Children of divorce sometimes have it hard: One minute, they may be living in a happy family with two supportive parents. The next minute, their parents are screaming at one another and filing for divorce. Children find this situation very frightening. They may feel that they must choose one parent over the other. Some children try to be neutral and support both parents. Some children wish they could leave both parents behind and live with a relative or close friend instead. Some children feel they are to blame for their parents' problems while others see themselves as their parents' caretakers, and they try to "fix" things for their parents. As might be imagined, this is a very, very difficult situation for children to be in, and we should not expect them to make these decisions.
Fortunately, in California, children do not have to make these tough decisions. Instead, when a divorce occurs, the legal system is available to independently determine how child custody will be handled. To make this decision, the Court first asks if the parents themselves have reached an agreement. Ideally, the parents will have a clear plan for handling child custody. Some parents share joint custody: in this case, the children spend significant time with each parent. In certain cases, one parent may have sole custody, while the other parent has limited or no visitation.

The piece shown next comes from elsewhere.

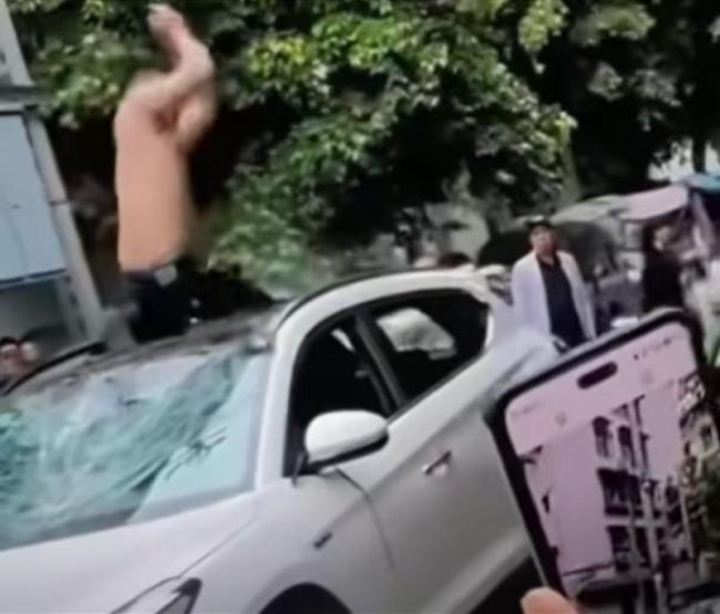 视频显示,一名赤裸上身的男子跳上白色小车引擎盖,挥舞工具打砸玻璃,警方随后到场将其按倒在地。

If parents are unable to agree on child custody, the Court will determine what custody schedule will serve the children's best interests. The Court considers a plethora of factors, including (without limitation) each parent's history of drug or alcohol abuse, record of child abuse, mental health, and likelihood of facilitating visitation with the other parent. Once the Court makes its decision, the parents are given the custody order. A custody order typically puts an end to questions about visitation and gives the parties a specific road map to follow in questions of custody of their children.